La Fábrica de Paños Bellavista, cuyo personal en su mayoría residía en el
mismo sector, entonaba a diario su himno textil, exhalando telas de prestigio,
en virtud de su calidad. La bodega de vinos “El Morro” daba un mejor
nombre al Cerro Mocho, y ese nombre del otero serviría años más tarde
para denominar el Balneario del personal de la Caja Nacional de Ahorros,

Y llegó el domingo 18 septiembre de 1910. Los más inspirados oradores
hicieron homenajes en sus respectivas instituciones y Plaza de Armas. La
bandera más grande que fue posible confeccionar, se izó en el cerro de
La Cruz, entre Egaña, Nogueira y Sotomayor. Autoridades y personajes

principales se dieron un festín gastronómico en el Club Social, en cambio
la “gente popular” se fue a Collén, prestigiado lugar que acogía a los carreteros
provenientes del interior. Allí estaban las mejores y renombradas cocinerías,
con sus especialidades de comida criolla: cazuelas, estofados, ajiacos,
carbonadas y empanadas, acompañadas de ajíes, pan amasado, tortillas al
rescoldo o catutos. Las ramadas del centenario se establecieron allí con la
venia de las autoridades, que de esa forma no vieron alterada su “sagrada
tranquilidad”, con la alegría desbordante y vocinglera del populacho.
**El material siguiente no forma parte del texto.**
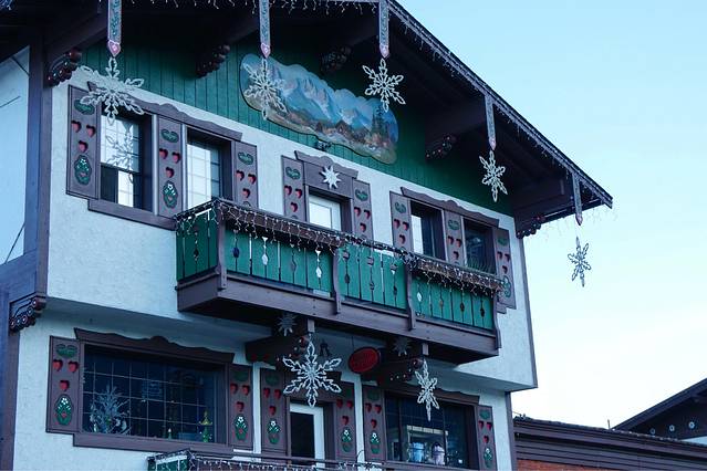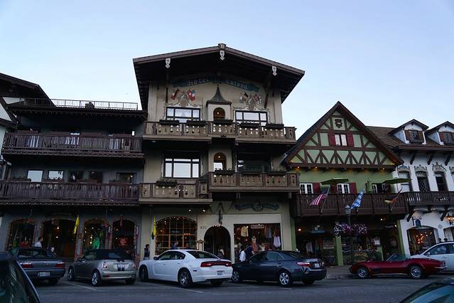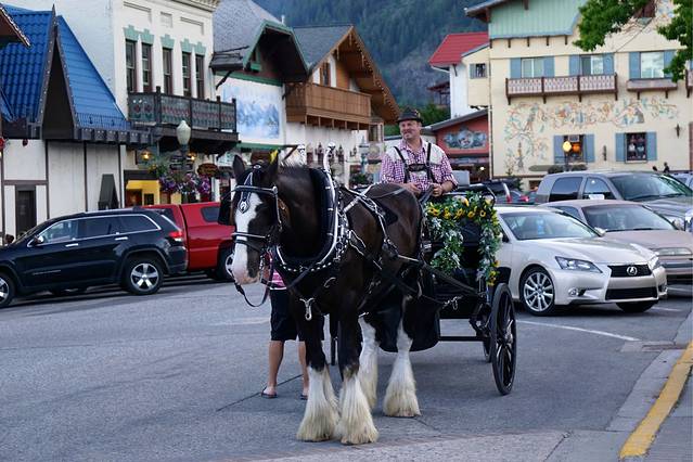 这一路的沿途风光依旧很美,现代化的美国农业设施随处可见,天也格外的晴朗,一切都很美好。傍晚时分来到了莱文沃思,期待的惊喜并没有如约而至,我略带调侃的对乐哥说“不能错过的是什么?”他东张西望的找着什么,然后把车开进了一个停车场,当我们走下车,面前的街道把我惊呆了!实在太梦幻了!简直就是童话世界啊!那些房子,好像圣诞节的装扮,房子上那些可爱的图画,漂亮的橱窗,复古的马车,还有满街食物的飘香,一切来的太突然,我简直无法相信自己竟然置身于这么美妙的一个所在,刚才还是平淡无奇的街道,只是一个转身,就仿佛掉进了童话的仙洞里。

La auténtica celebración del Centenario en Tomé, fue en Collén, en donde sin
grandes formalidades estuvo asegurada la alegría y el baile, con las mejores
cantoras y versados payadores, en una época en que las manifestaciones
patrióticas aún no tenían color ni sabor a plástico y la música no era envasada
ni extranjera. Así los tomecinos dijeron ¡Viva Chile! ¡Viva el Centenario! Y por
supuesto que varias veces ¡Salud!

Del Centenario, sólo nos quedan palabras escritas, algunas instituciones que
sobreviven al culto del individualismo y el mismo territorio de nuestros(as)
tatarabuelos(as), quienes nos dejaron senderos suficientes
y caminos
necesarios, para que nuestro transitar por la vida, fuera menos dificultoso que
el de ellos. Nuestra gratitud sincera, a esos hombres y mujeres anónimos, que
también hicieron patria y no merecen las medallas del olvido. Porque ellos
existieron, nosotros existimos en este puerto a la esperanza. ¡Gracias y salud!


* Profesor e Historiador de Tomé. 12 de septiembre de 2010.